- _What is being asked_
When you repeat the material, keep each line exact and omit the pictures.

- _Supplied material_
⁂

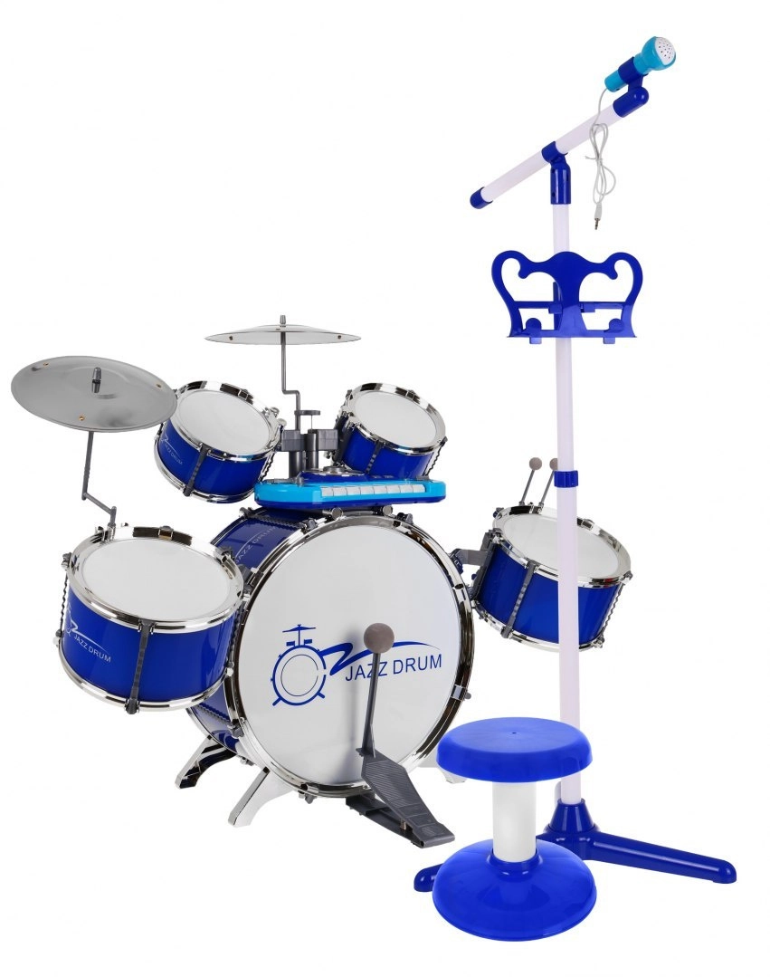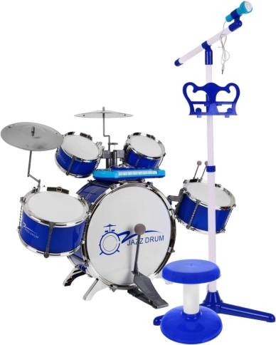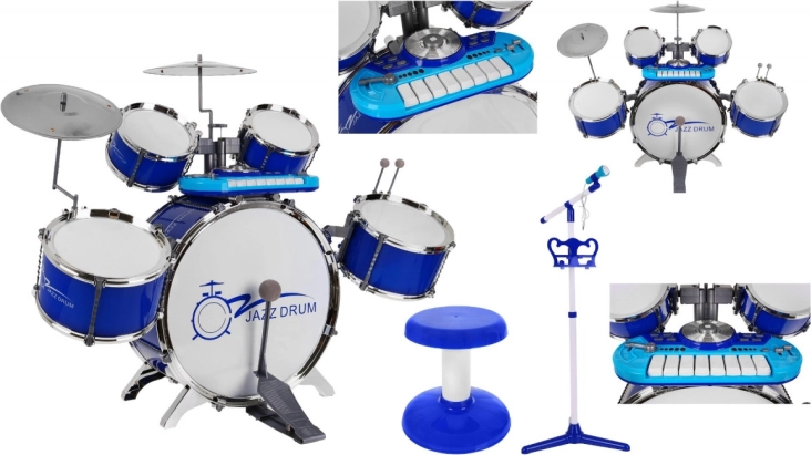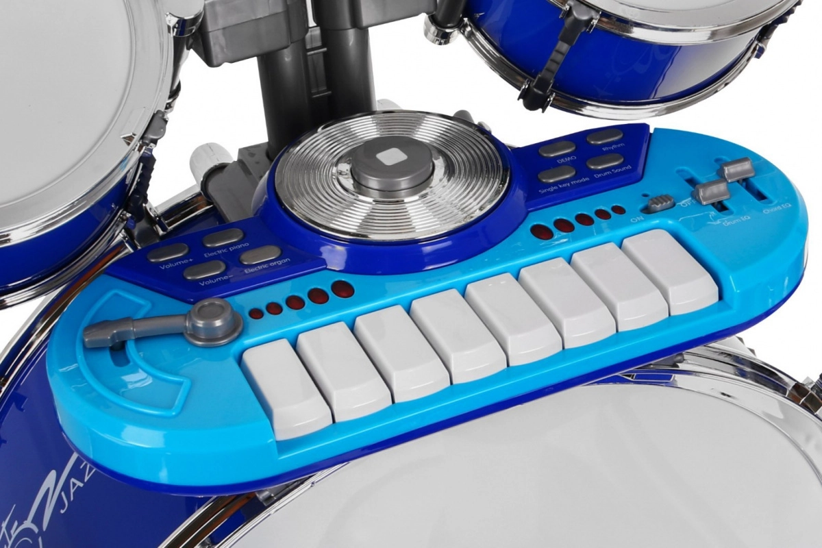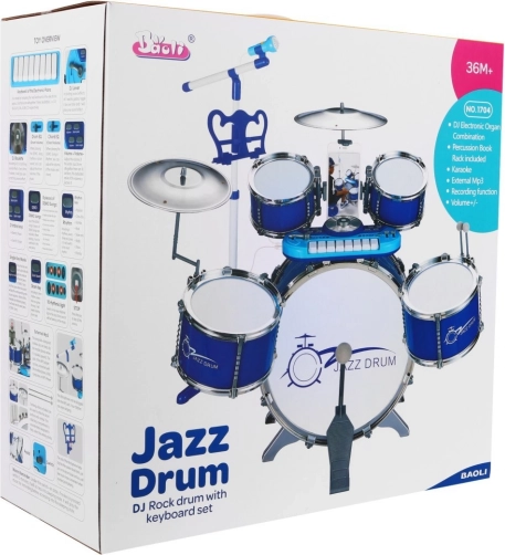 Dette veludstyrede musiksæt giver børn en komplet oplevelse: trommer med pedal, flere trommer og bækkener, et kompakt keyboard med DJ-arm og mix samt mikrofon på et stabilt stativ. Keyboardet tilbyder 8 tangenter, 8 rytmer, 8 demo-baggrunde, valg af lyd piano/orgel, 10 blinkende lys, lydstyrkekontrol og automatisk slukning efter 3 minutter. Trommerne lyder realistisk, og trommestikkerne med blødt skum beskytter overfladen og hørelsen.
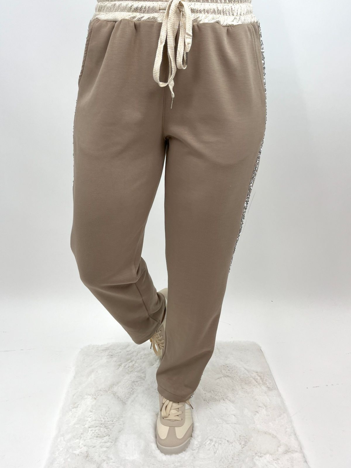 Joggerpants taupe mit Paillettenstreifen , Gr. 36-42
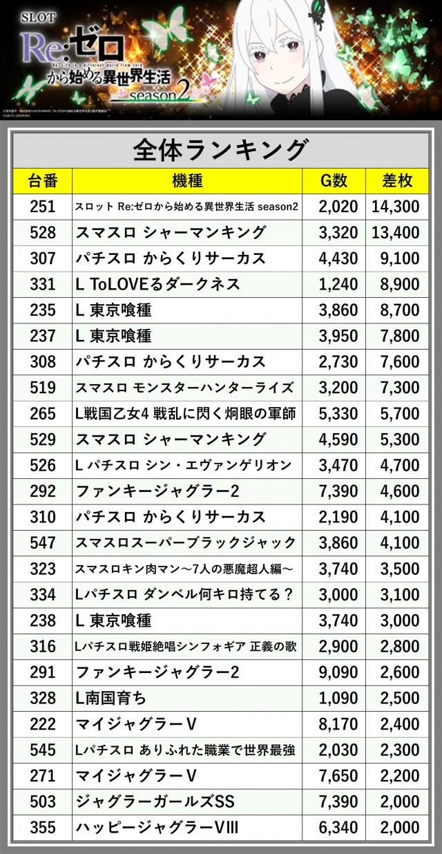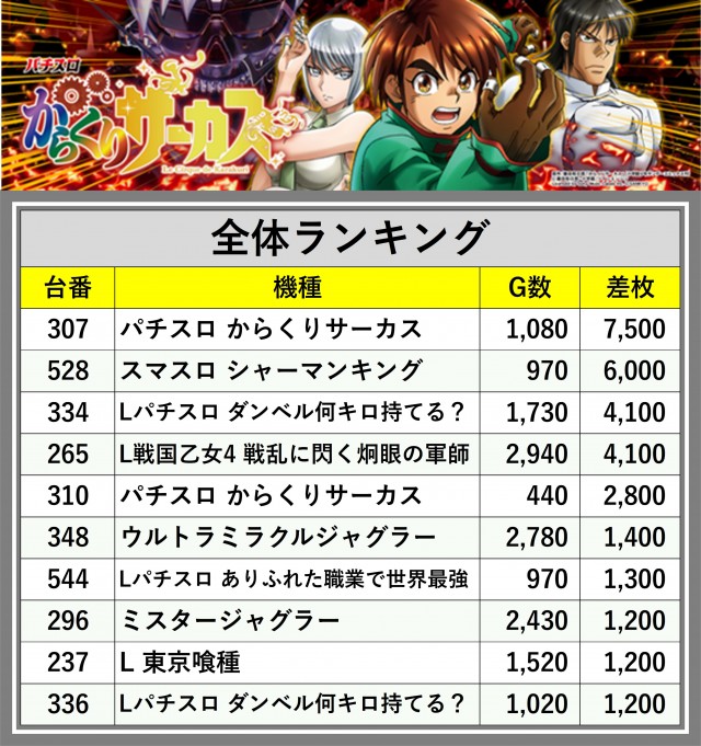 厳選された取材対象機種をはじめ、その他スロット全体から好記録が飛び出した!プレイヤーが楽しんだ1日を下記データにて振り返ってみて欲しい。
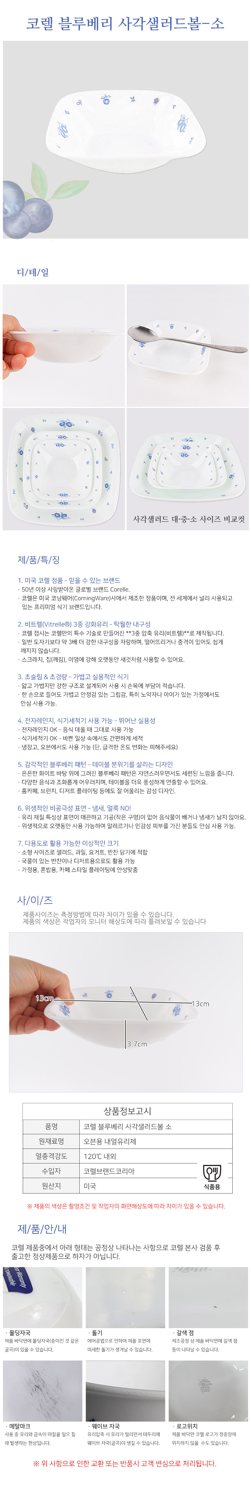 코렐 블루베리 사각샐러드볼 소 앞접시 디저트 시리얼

⁂

- _Output_
 Dette veludstyrede musiksæt giver børn en komplet oplevelse: trommer med pedal, flere trommer og bækkener, et kompakt keyboard med DJ-arm og mix samt mikrofon på et stabilt stativ. Keyboardet tilbyder 8 tangenter, 8 rytmer, 8 demo-baggrunde, valg af lyd piano/orgel, 10 blinkende lys, lydstyrkekontrol og automatisk slukning efter 3 minutter. Trommerne lyder realistisk, og trommestikkerne med blødt skum beskytter overfladen og hørelsen.
 Joggerpants taupe mit Paillettenstreifen , Gr. 36-42
 厳選された取材対象機種をはじめ、その他スロット全体から好記録が飛び出した!プレイヤーが楽しんだ1日を下記データにて振り返ってみて欲しい。
 코렐 블루베리 사각샐러드볼 소 앞접시 디저트 시리얼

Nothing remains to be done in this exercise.